**TASK DESCRIPTION:** Transcribe the entries exactly. Start at the top, stop after the line with "そして、自分が記録したことに", and omit every picture.

**RECORDS TO PROCESS:**

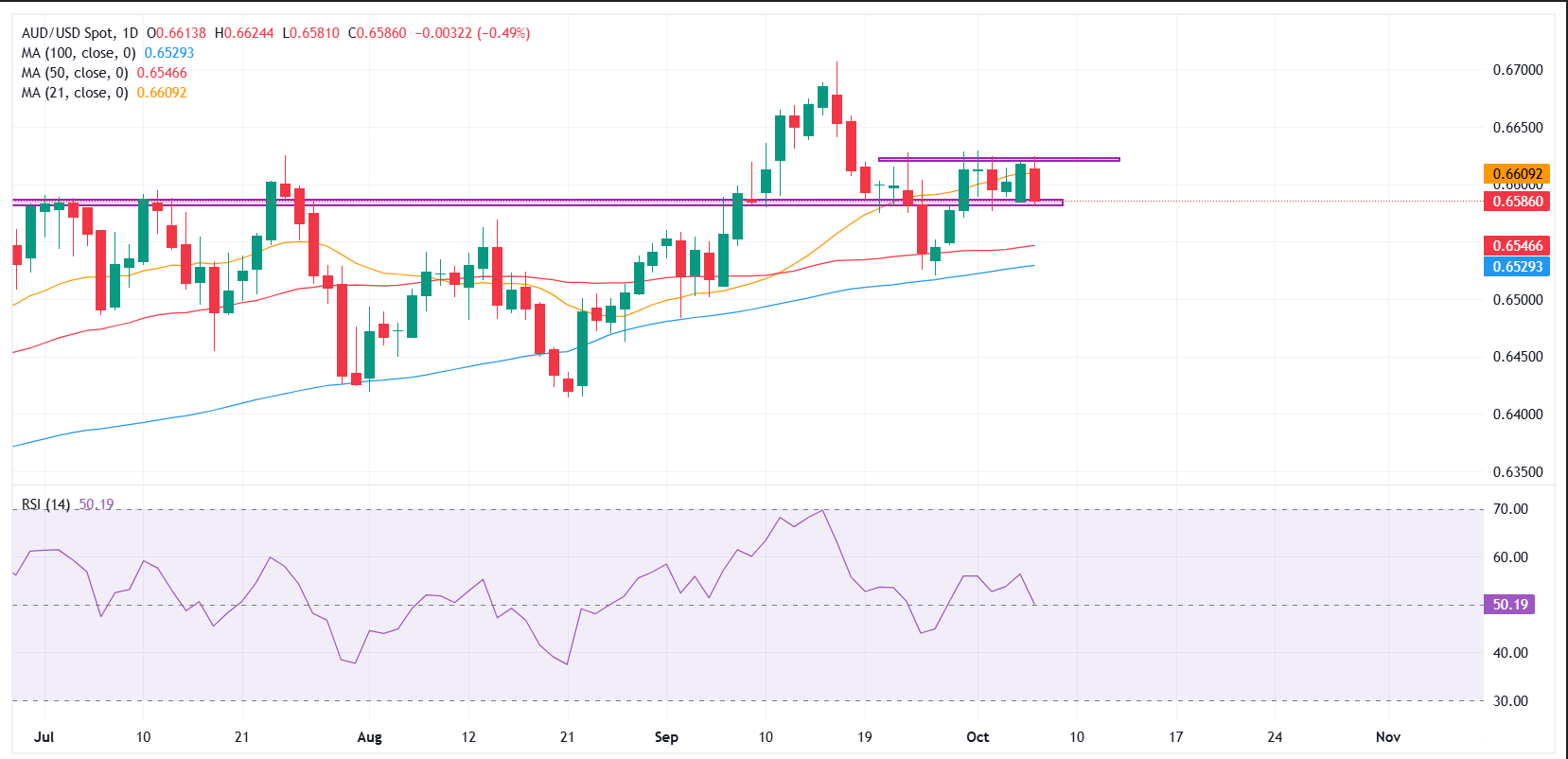 - 初始支撑位在0.6580,随后是50日SMA和100日SMA。
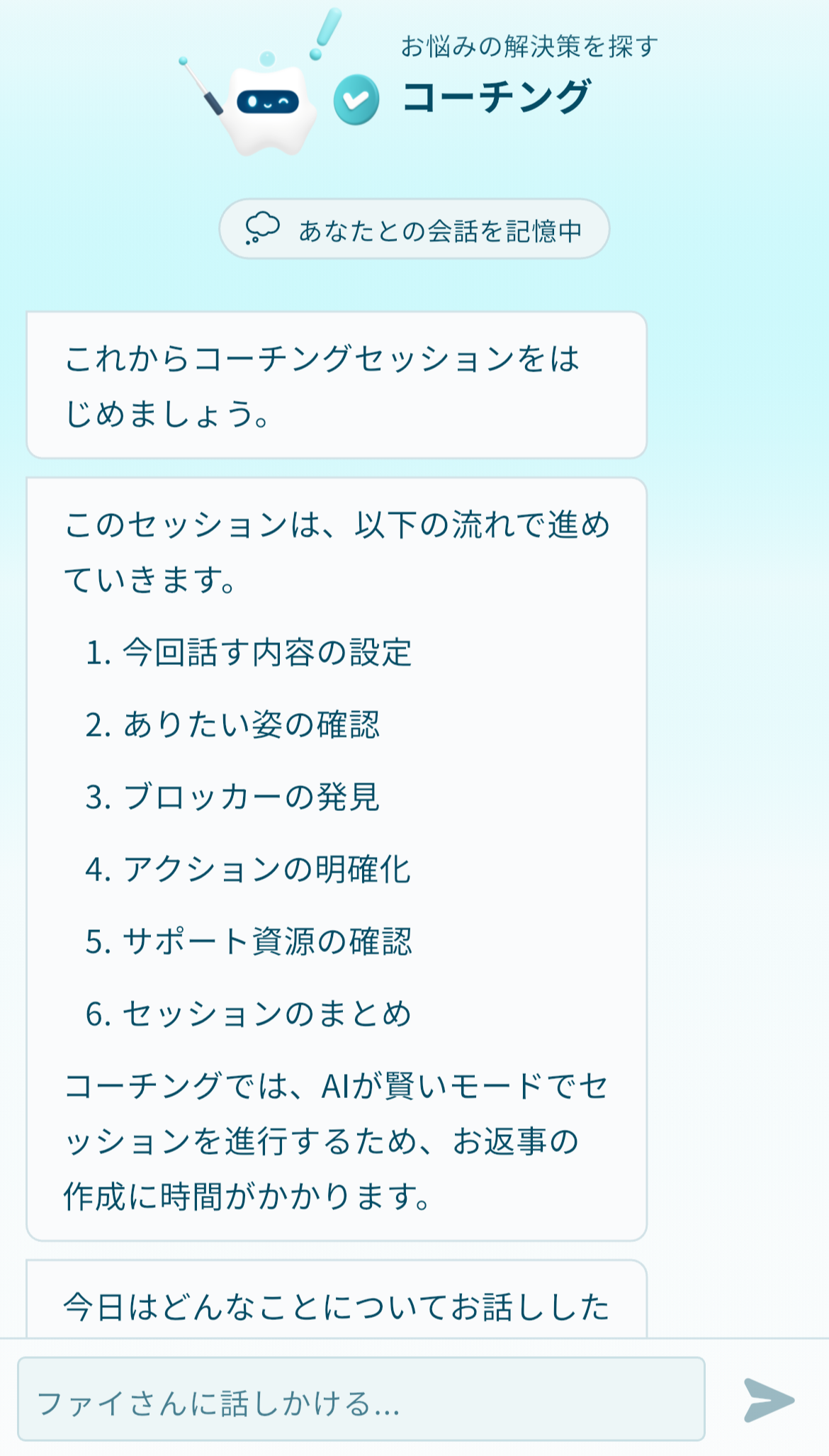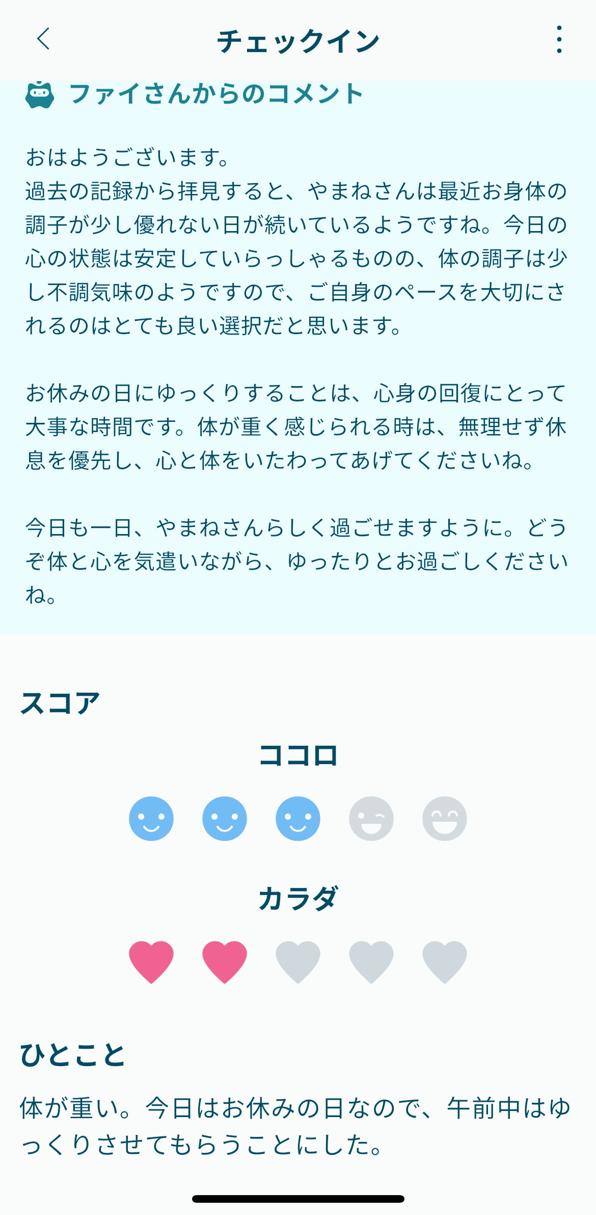 そして、自分が記録したことに対して、毎回AIのファイさんがコメントをくれるんだけど、
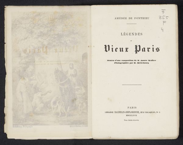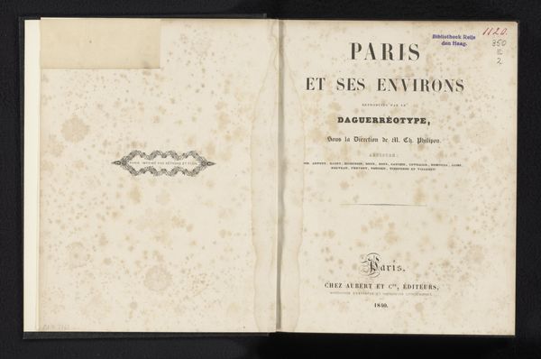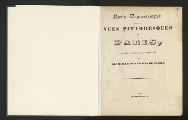 This is the cover of "Hôtel de Ville de Paris" by Auguste Jeunesse, published in 1863. The book cover presents a study in contrasts using type. The left side is a blank canvas; by comparison, the right side’s surface is densely arranged with text. The layout employs a hierarchy of type sizes to guide the eye, moving from the grand declaration of ‘L’Hotel de Ville DE PARIS’, to the more modest attribution ‘PAR Aug. JEUNESSE.’ This structured arrangement—the title’s grandeur versus the author’s subdued credit—creates a visual tension, hinting at the book's contents. The cover thus performs a dual function: it marks the identity of the book while also serving as a cultural artifact that reflects the semiotic codes of its time. It invites us to interpret not just its aesthetic appeal, but the layers of meaning embedded in its design and the historical context from which it emerges.
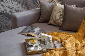 В апартаментах диван king-size выполнен по спецзаказу и трансформируется в кровать. В доме есть лифт, в апартаментах лоджия застекленная, стиральная машина, автоматическая кофе-машина, установлен фильтр очистки питьевой воды, есть личный сейф с кодовым замком, кондиционер, TV смарт со спутниковыми каналами, бесплатный Wi-Fi и высокоскоростной интернет, постельное белье и полотенца, туалетные принадлежности, фен для сушки волос.
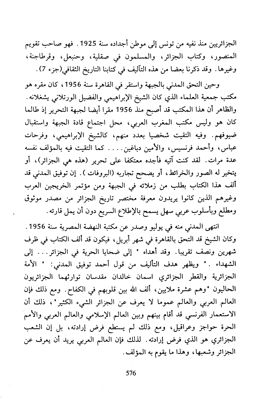 الجزائريين منذ نفيه من تونس إلى موطن أجداده سنة 1925، فهو صاحب تقويم المنصور، وكتاب الجزائر، والمسلمون في صقلية، وحنبعل، وقرطاجنة، وغيرها، وقد ذكرنا بعضا من هذه التآليف في كتابنا التاريخ الثقافي (جزء 7).
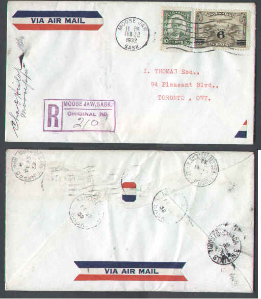Scan #6647 - 10c Cartier + 6c Airmail registered - Moose Jaw , Sask - Fe 22 1932 - $17.50 Cdn - first day of issue of C3 franking - M/S Moose Jaw postmaster signature - B/S Winnipeg & Moose Jaw RPO / No 8 [W191 RF 80] -
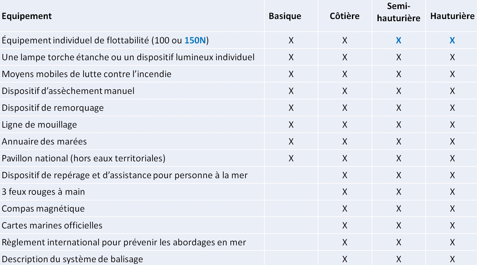 Lorsqu'ils naviguent à plus de 2 milles d’un abri, ces navires sont équipés du matériel complémentaire suivant :
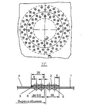 В вырез заподлицо с обшивкой ставится круглая заделка-вкладыш так, чтобы зазор между вкладышем и кромкой выреза не превышал 1 мм. Вкладыш проклёпывается с накладкой однорядным швом шагом 20 мм (рис. 8).
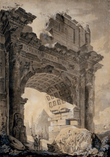 Hubert Robert, Arch of Septimius Severus, 1756; pen with grey and beige washes, 73 × 52 cm (Musée de Valence).
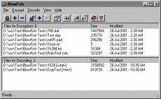 Keywords: braun, blowfish, security, encrypt, utility, encryption, decrypt, decryption, cipher, decipher BlowFish is a small, easy to use, file encryption utility. Simply drag and drop files and folders to quickly protect your sensitive documents, and then enter an encryption key to encode and decode the files you want to protect from prying eyes. Files can also be quickly encrypted and decoded directly from the MS Windows Explorer by using the pop-up context menu. This utility uses the Blowfish encryption algorithm. BlowFish can be configured to optionally place its program icon in the taskbar notification tray.
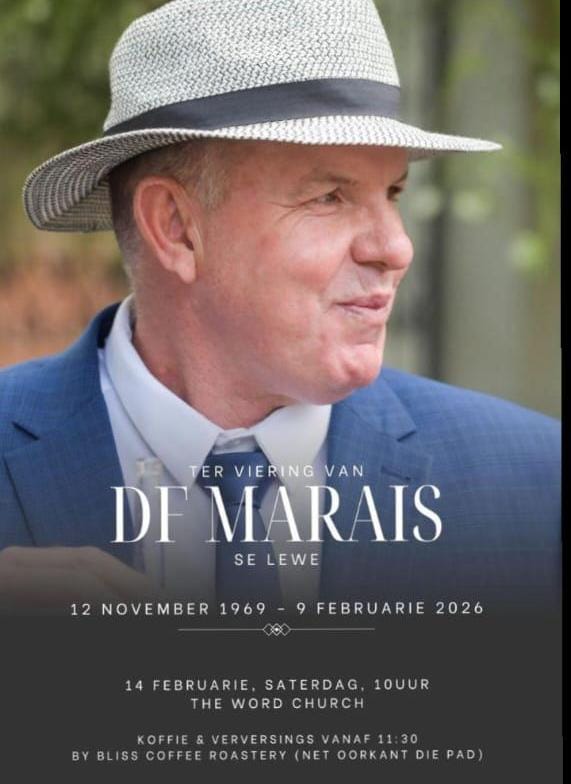 Marais se lewensviering word vir Saterdag (14/2) om 10:00 in The Word Church beplan.
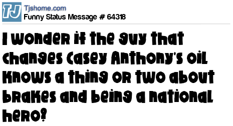 X is I wonder if the guy that changes Casey Anthony's oil knows a thing or two about brakes and being a national hero?
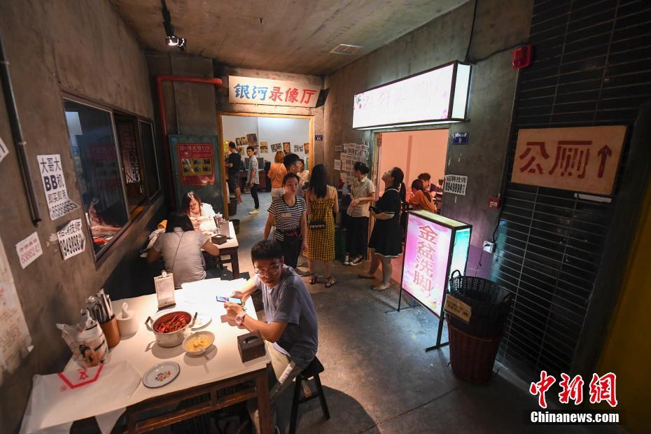 6月13日,文和友老长沙龙虾馆内坐满了食客。该餐厅拥有近5000平方米的超大空间,融合了老长沙的人文情怀和特色餐饮的新创意,完全还原了上世纪八十年代老长沙的风貌,受到了众多都市人的热捧。中新社记者 杨华峰 摄
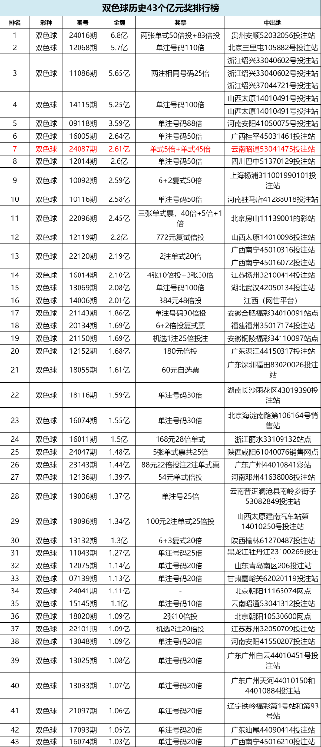 这是双色球在2024年开出的第4个亿元奖,距离2024年4月28日晚陕西咸阳双色球1.48亿巨奖相隔93天。同时,这也是双色球历史上第43个亿元奖,此次云南中出的2.61亿,排名双色球亿元奖历史第7位。

**EXPECTED ANSWER:**
 - 初始支撑位在0.6580,随后是50日SMA和100日SMA。
 そして、自分が記録したことに対して、毎回AIのファイさんがコメントをくれるんだけど、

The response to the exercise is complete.